(Saved data entries)
########################################

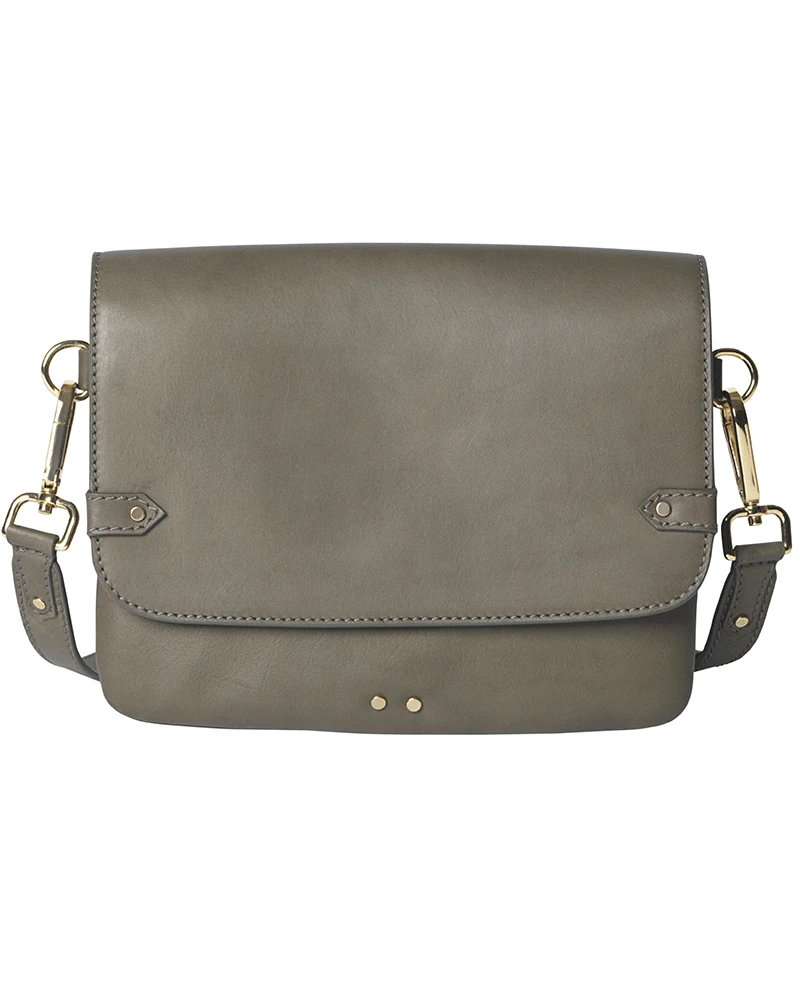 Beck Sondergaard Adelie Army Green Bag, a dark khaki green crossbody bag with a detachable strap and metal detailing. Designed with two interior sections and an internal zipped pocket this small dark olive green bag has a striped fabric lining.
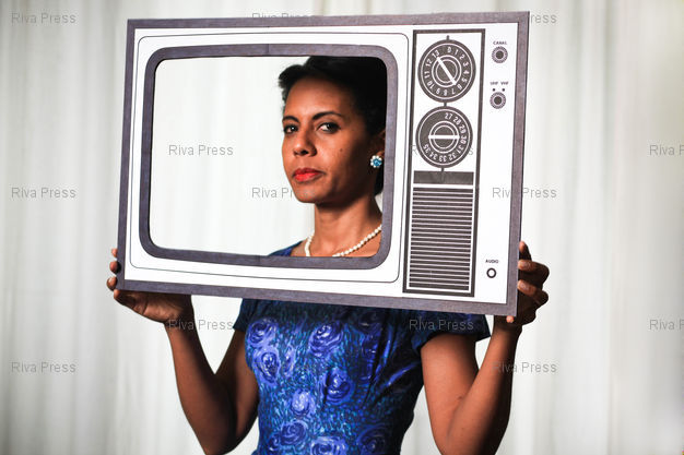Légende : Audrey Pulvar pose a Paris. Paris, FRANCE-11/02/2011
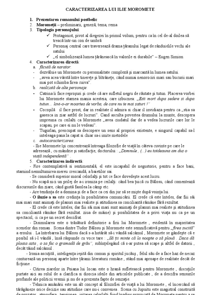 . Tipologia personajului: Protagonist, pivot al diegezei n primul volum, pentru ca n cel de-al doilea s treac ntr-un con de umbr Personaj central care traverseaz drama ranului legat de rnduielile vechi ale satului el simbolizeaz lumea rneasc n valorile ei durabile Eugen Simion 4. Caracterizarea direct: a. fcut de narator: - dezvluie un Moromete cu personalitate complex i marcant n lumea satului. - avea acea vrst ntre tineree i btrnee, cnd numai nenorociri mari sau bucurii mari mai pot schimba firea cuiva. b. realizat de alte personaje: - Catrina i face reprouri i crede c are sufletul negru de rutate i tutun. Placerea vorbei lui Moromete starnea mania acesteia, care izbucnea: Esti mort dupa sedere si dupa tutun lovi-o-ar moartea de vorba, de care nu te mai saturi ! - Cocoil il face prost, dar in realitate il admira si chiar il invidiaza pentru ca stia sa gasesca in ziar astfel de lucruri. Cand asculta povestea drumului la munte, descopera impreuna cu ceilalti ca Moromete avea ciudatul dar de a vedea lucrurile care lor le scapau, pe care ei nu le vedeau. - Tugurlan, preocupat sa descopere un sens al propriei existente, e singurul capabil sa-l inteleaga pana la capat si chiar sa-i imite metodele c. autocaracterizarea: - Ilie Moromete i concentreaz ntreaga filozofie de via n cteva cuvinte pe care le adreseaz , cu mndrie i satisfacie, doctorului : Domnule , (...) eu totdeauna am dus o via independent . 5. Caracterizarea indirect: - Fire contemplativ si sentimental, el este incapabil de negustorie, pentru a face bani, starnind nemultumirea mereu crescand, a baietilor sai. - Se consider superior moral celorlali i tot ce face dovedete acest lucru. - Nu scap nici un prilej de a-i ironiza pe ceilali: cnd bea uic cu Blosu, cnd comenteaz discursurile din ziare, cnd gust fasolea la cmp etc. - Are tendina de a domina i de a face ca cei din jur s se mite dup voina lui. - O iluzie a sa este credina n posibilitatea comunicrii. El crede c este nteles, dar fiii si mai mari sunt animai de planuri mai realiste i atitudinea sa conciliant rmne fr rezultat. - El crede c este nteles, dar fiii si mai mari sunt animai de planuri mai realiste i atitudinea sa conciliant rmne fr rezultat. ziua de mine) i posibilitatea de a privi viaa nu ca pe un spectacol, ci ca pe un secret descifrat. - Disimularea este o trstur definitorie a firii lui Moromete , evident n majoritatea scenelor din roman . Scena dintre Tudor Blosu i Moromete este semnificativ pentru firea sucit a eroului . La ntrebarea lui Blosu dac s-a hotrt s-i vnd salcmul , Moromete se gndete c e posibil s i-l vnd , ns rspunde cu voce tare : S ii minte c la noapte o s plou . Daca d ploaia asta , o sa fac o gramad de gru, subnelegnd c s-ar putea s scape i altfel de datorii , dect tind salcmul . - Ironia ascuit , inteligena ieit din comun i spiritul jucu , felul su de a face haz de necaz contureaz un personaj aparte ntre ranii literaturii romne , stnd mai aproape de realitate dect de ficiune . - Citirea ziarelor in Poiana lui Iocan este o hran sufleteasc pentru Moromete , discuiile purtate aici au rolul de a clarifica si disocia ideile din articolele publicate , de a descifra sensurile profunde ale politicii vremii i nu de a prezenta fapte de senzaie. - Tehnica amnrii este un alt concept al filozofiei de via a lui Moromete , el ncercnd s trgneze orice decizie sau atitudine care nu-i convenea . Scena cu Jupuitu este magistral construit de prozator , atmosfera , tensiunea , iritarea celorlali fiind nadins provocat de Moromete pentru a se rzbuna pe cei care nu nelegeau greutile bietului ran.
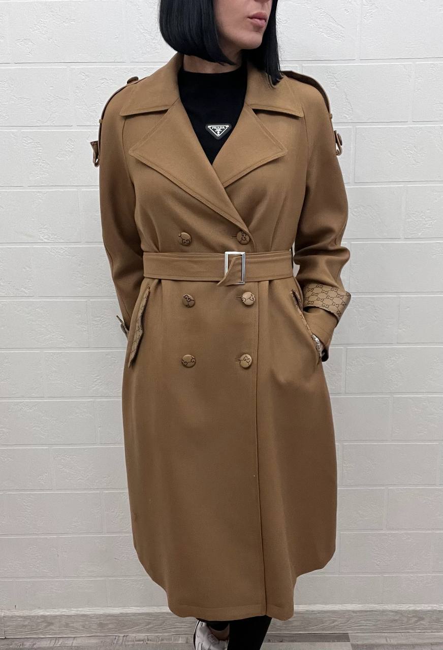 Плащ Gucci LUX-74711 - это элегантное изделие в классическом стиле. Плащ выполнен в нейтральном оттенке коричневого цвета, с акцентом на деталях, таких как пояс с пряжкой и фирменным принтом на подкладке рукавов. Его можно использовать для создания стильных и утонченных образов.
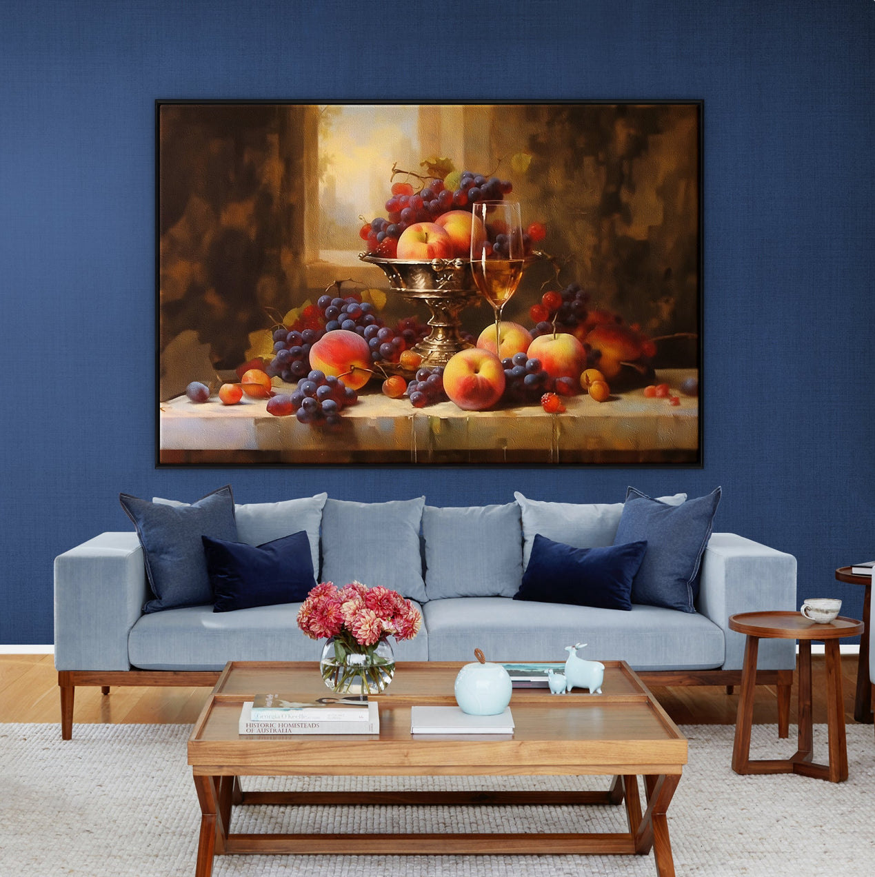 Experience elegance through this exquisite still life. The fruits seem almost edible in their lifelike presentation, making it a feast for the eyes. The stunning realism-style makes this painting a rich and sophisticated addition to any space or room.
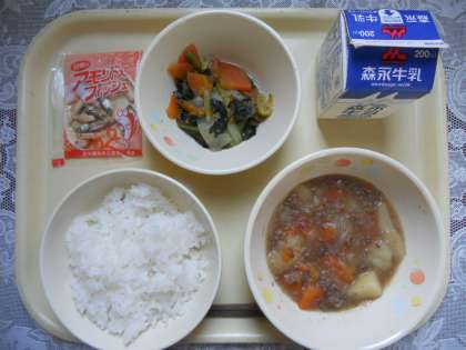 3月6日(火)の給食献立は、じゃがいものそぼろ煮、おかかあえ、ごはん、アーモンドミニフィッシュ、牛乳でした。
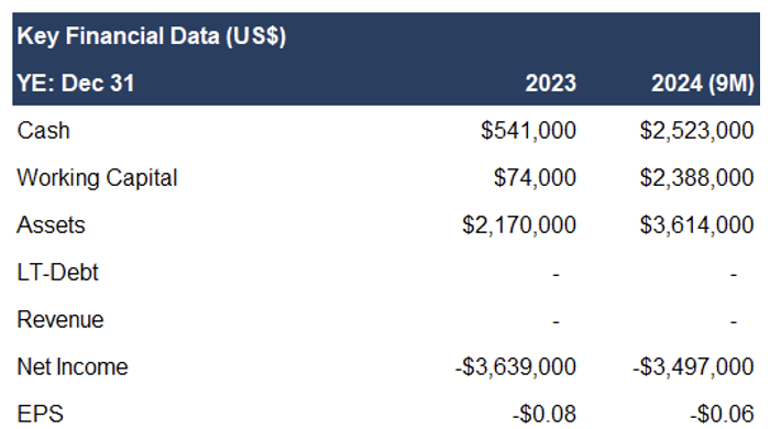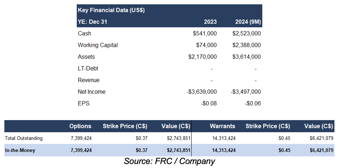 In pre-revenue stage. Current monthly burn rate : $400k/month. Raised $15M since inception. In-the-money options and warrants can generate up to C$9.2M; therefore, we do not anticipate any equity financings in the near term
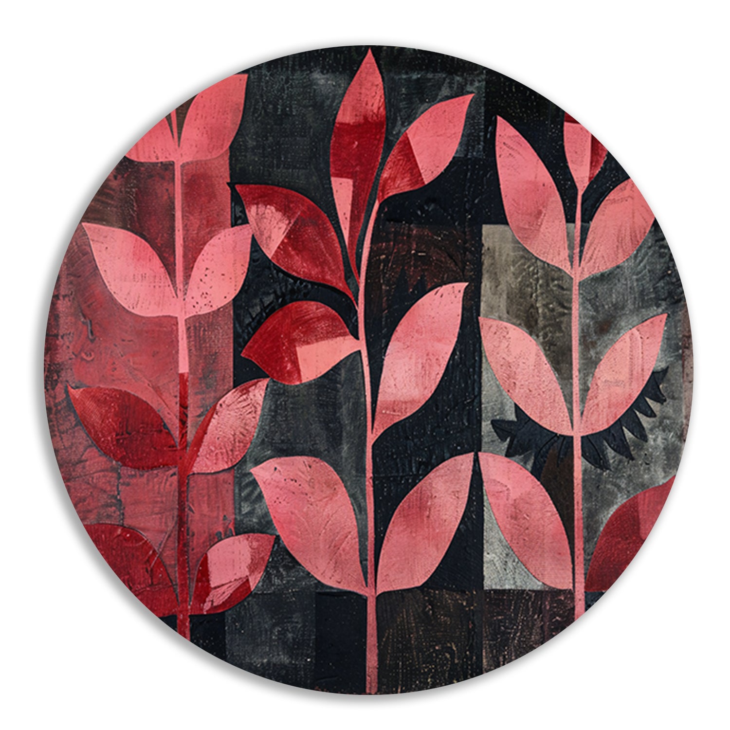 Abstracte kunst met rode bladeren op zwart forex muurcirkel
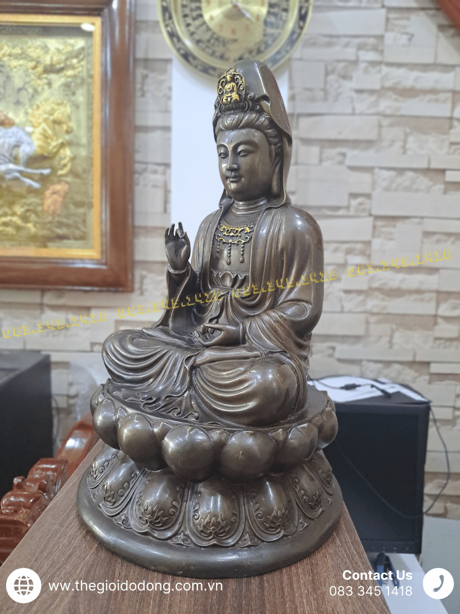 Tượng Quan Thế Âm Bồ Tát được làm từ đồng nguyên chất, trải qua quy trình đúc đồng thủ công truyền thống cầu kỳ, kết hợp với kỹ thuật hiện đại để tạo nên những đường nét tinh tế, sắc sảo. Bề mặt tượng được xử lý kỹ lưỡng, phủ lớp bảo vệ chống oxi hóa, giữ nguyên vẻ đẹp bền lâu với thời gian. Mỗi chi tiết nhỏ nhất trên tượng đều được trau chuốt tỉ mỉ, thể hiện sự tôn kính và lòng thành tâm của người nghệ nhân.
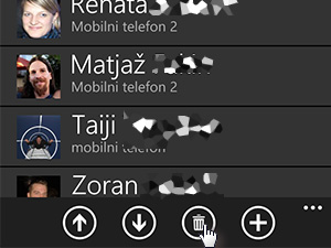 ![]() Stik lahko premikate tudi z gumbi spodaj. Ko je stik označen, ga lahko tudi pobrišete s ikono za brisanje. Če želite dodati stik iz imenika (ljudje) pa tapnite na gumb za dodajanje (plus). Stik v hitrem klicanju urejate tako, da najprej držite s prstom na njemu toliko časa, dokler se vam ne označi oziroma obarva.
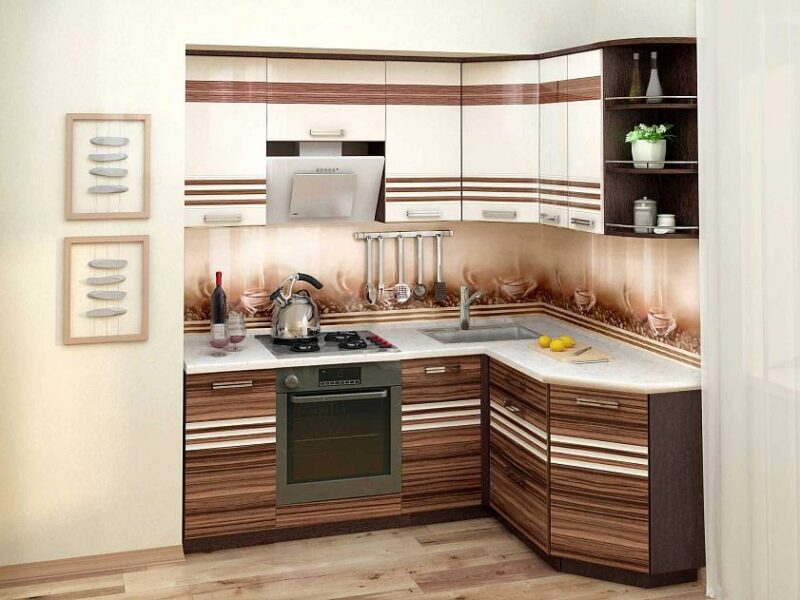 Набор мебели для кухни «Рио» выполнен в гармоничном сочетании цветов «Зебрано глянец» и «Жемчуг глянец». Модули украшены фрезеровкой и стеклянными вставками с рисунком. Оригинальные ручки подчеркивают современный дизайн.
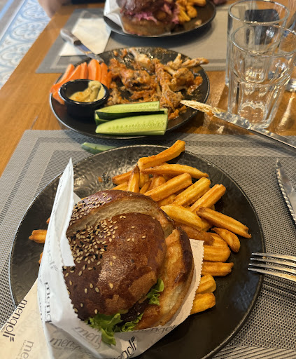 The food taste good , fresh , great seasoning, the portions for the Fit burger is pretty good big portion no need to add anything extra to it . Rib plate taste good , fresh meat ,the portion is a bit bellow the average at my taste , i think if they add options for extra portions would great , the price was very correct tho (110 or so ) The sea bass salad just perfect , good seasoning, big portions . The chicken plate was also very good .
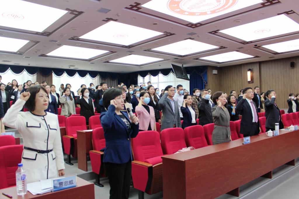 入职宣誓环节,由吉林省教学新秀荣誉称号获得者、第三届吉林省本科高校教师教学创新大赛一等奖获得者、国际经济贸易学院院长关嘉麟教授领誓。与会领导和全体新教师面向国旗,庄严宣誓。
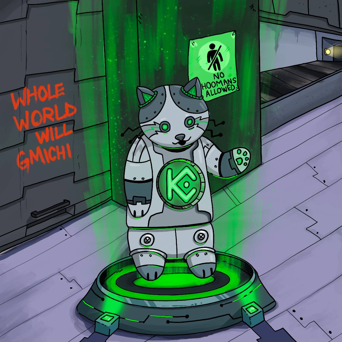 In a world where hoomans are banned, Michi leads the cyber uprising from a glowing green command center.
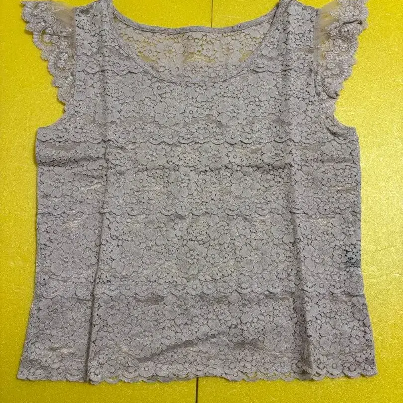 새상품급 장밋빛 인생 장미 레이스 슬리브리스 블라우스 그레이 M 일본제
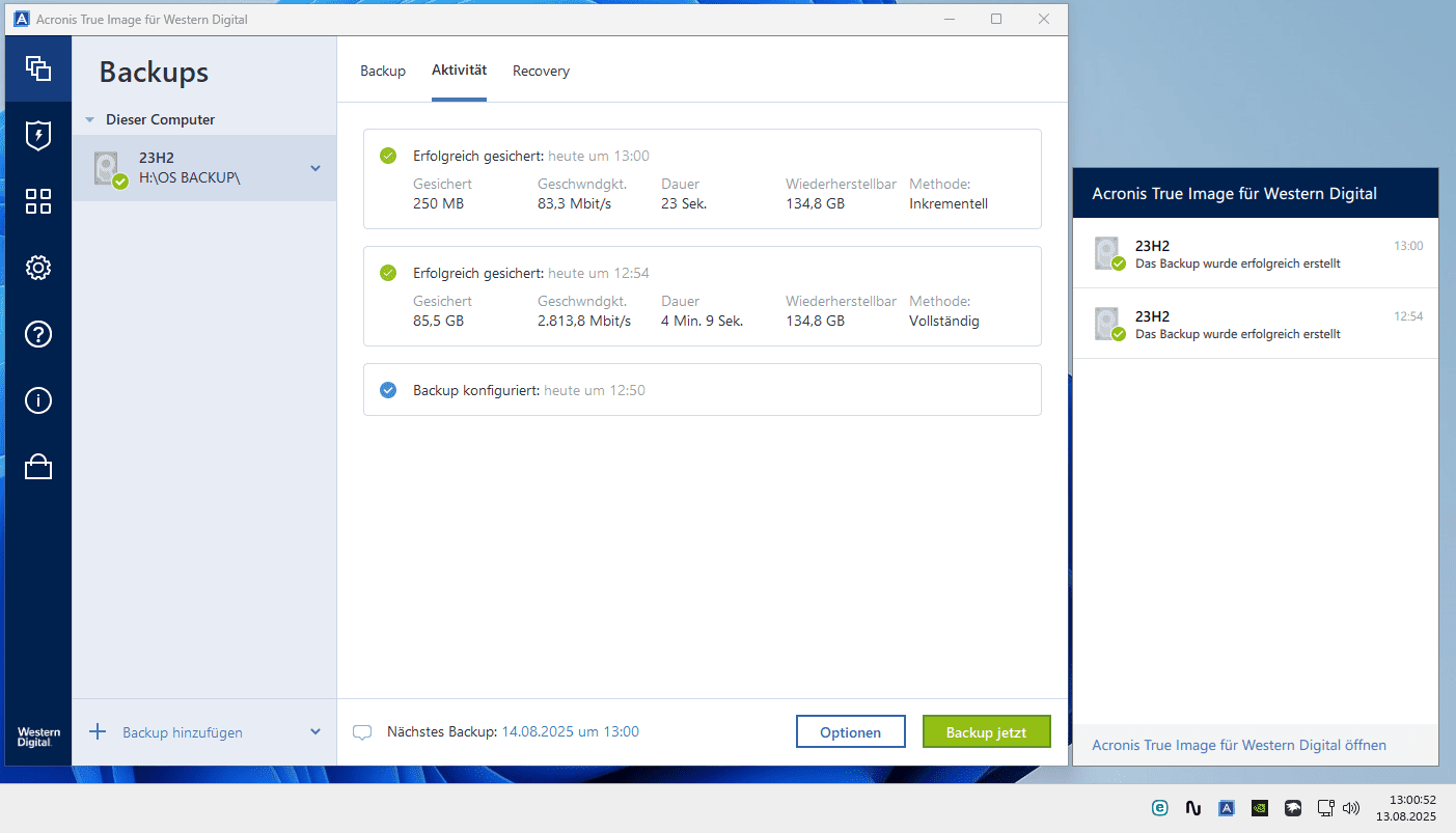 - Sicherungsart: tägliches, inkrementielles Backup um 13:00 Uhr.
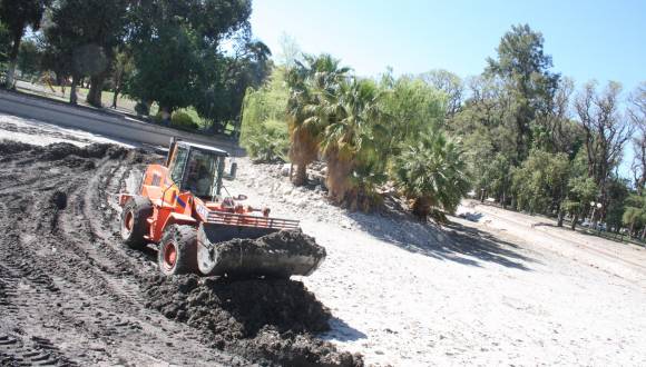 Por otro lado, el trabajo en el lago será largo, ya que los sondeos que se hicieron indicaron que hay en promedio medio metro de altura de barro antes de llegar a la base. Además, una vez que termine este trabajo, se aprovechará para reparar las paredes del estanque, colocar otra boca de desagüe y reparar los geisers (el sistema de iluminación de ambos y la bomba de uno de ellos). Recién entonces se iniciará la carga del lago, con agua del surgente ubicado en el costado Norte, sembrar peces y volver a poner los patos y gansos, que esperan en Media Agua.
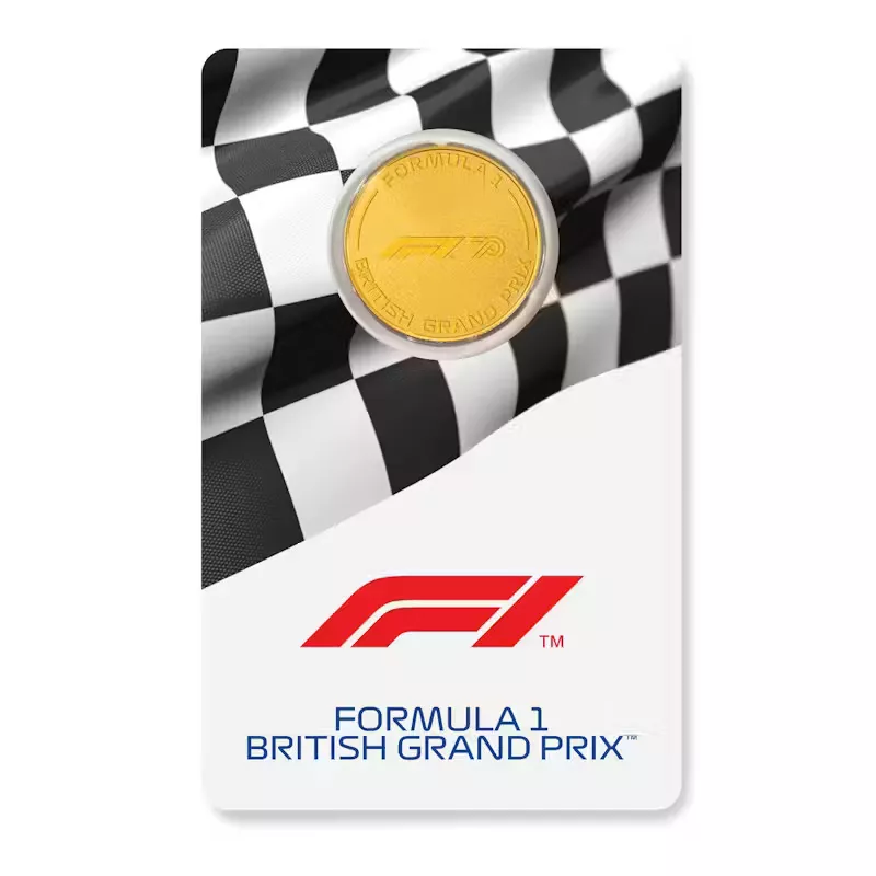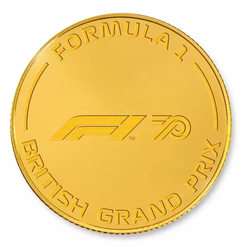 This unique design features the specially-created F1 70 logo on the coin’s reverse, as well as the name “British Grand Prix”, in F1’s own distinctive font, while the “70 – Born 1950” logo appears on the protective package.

########################################

-- WORK TASK --
Take only the lines above from the one that has "označi oziroma obarva." through the one that has "Набор мебели для" and reproduce them exactly, omitting any pictures.

-- WRITTEN REPLY --
 ![]() Stik lahko premikate tudi z gumbi spodaj. Ko je stik označen, ga lahko tudi pobrišete s ikono za brisanje. Če želite dodati stik iz imenika (ljudje) pa tapnite na gumb za dodajanje (plus). Stik v hitrem klicanju urejate tako, da najprej držite s prstom na njemu toliko časa, dokler se vam ne označi oziroma obarva.
 Набор мебели для кухни «Рио» выполнен в гармоничном сочетании цветов «Зебрано глянец» и «Жемчуг глянец». Модули украшены фрезеровкой и стеклянными вставками с рисунком. Оригинальные ручки подчеркивают современный дизайн.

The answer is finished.